- _Exercise_
Reproduce only the lines below from the line containing "Kombi is a foot-powered" to the line containing "毕业生代表2017级软件工程", exactly as written, with both end lines kept. Omit the pictures.

Provided data Block Start

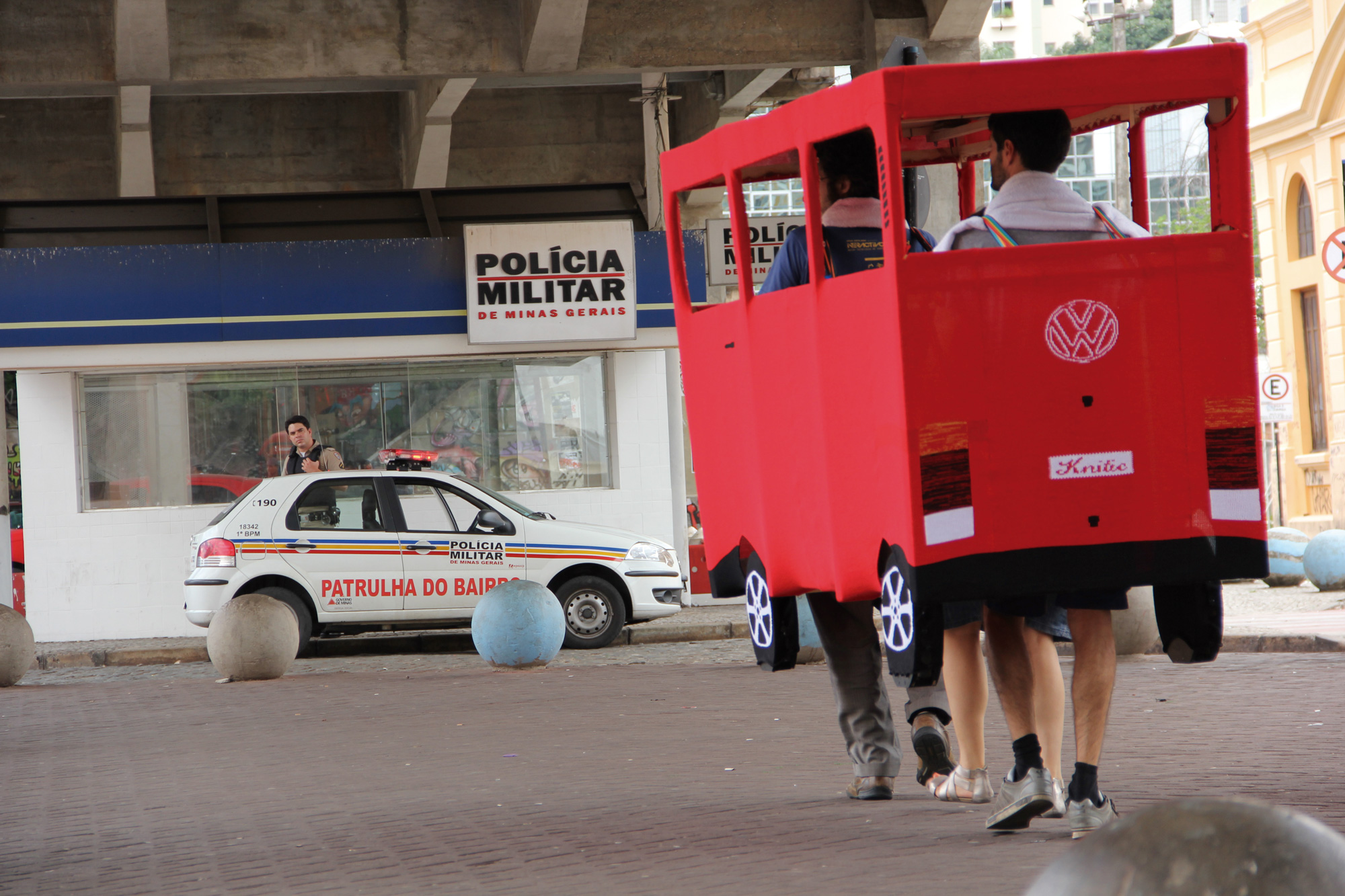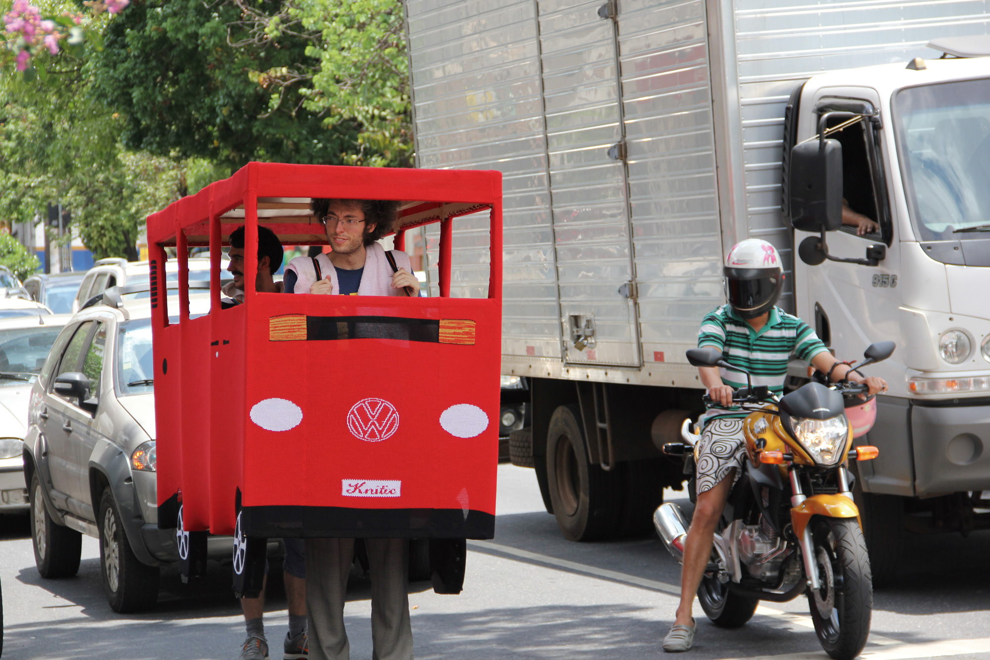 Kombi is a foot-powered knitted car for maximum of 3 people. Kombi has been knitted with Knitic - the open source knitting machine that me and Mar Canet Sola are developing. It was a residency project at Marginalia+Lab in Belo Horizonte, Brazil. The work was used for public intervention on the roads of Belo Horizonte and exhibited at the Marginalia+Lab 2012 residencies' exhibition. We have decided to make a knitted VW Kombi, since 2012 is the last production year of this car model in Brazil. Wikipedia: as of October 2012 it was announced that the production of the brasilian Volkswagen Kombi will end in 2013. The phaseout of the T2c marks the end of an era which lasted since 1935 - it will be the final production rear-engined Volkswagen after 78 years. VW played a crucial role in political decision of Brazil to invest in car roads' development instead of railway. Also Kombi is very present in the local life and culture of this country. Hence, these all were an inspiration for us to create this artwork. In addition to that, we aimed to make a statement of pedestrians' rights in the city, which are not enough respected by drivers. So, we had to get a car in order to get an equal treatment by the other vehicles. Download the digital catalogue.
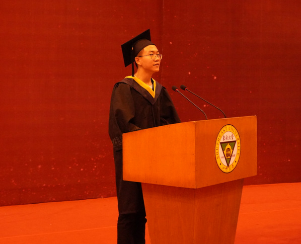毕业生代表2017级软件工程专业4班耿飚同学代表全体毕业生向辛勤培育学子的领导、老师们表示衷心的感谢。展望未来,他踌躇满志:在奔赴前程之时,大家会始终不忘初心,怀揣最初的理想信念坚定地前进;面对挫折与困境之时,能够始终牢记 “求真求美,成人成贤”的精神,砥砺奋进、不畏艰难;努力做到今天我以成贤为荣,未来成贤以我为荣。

Provided data Block End
Provided data Block Start

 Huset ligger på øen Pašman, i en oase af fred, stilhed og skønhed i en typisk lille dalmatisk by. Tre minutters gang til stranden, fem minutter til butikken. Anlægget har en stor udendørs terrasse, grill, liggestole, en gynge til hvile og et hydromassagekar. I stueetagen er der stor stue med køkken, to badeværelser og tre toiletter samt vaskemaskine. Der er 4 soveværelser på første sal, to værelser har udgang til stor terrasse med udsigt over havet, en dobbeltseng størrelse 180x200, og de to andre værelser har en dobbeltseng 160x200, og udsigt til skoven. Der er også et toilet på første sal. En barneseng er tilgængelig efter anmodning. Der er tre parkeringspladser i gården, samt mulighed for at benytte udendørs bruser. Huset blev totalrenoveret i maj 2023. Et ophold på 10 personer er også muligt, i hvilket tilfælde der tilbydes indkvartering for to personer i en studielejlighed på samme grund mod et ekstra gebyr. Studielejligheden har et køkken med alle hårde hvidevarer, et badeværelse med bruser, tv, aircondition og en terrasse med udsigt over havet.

Provided data Block End

- _Answer below_
 Kombi is a foot-powered knitted car for maximum of 3 people. Kombi has been knitted with Knitic - the open source knitting machine that me and Mar Canet Sola are developing. It was a residency project at Marginalia+Lab in Belo Horizonte, Brazil. The work was used for public intervention on the roads of Belo Horizonte and exhibited at the Marginalia+Lab 2012 residencies' exhibition. We have decided to make a knitted VW Kombi, since 2012 is the last production year of this car model in Brazil. Wikipedia: as of October 2012 it was announced that the production of the brasilian Volkswagen Kombi will end in 2013. The phaseout of the T2c marks the end of an era which lasted since 1935 - it will be the final production rear-engined Volkswagen after 78 years. VW played a crucial role in political decision of Brazil to invest in car roads' development instead of railway. Also Kombi is very present in the local life and culture of this country. Hence, these all were an inspiration for us to create this artwork. In addition to that, we aimed to make a statement of pedestrians' rights in the city, which are not enough respected by drivers. So, we had to get a car in order to get an equal treatment by the other vehicles. Download the digital catalogue.
毕业生代表2017级软件工程专业4班耿飚同学代表全体毕业生向辛勤培育学子的领导、老师们表示衷心的感谢。展望未来,他踌躇满志:在奔赴前程之时,大家会始终不忘初心,怀揣最初的理想信念坚定地前进;面对挫折与困境之时,能够始终牢记 “求真求美,成人成贤”的精神,砥砺奋进、不畏艰难;努力做到今天我以成贤为荣,未来成贤以我为荣。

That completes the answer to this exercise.